The features used for model training are fully configurable in the config, allowing a single all_medaka_train pipeline to train either a medaka consensus model, or medaka SNP and/or variant-calling models.

This can be controled via the MEDAKA_TRAIN_REPLICATES config entry.

This example from the default config trains three medaka-consensus model replicates using the all_medaka_feat pipeline to create medaka-consensus training features.
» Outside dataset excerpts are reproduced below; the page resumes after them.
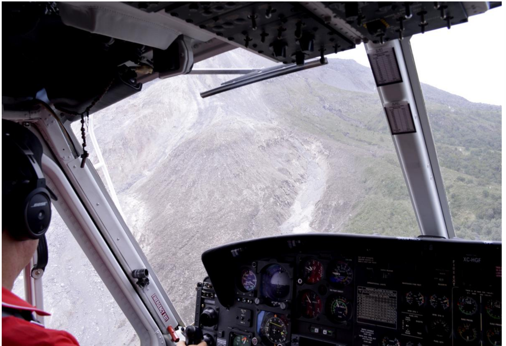
Sobrevuelo de Observación. Julio 14, 2015
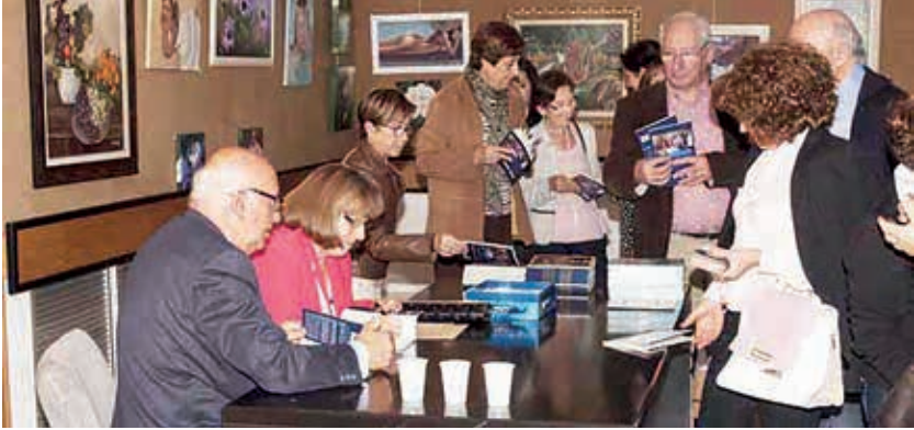
Firma de libros tras la presentación del libro Navegando entre sueños en Paguera, 2012.
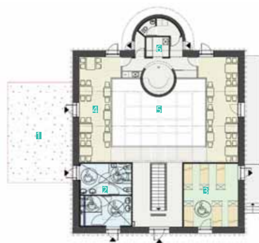
Plan du rez-de-chaussée (2016) © AMP Architecture

Éléments démolis lors de la réhabilitation A - Poste de transformation B - Passerelle C - Étage crée dans le volume du rez-de-chaussée

# Run multiple training replicates - output will be in medaka_train_{key},
# values should be a key of the PIPELINES dictionary in this file. In simple
# cases this allows running technical replicates of the training, but also
# allows the pipeline to be changed to for example create features in a
# different manner. For the latter change the value component to an alternative
# user defined pipeline.
MEDAKA_TRAIN_REPLICATES:
    "_rep_1": "all_medaka_feat"
    "_rep_2": "all_medaka_feat"
    "_rep_3": "all_medaka_feat"

In contrast, this example from the variant-calling config trains three medaka SNP-calling replicates and three medaka variant-calling replicates, each using their respective feature-generation pipelines.

MEDAKA_TRAIN_REPLICATES:
    "_snp_rep_1": "all_medaka_snp_feat"
    "_snp_rep_2": "all_medaka_snp_feat"
    "_snp_rep_3": "all_medaka_snp_feat"
    "_variant_rep_1": "all_medaka_variant_feat"
    "_variant_rep_2": "all_medaka_variant_feat"
    "_variant_rep_3": "all_medaka_variant_feat"

Missing feature files

As for the Medaka consensus training pipeline, if input datasets have insufficient coverage-depth for some of the training chromosomes, some training feature files will not be produced. See Coping with missing feature files for how to cope with this.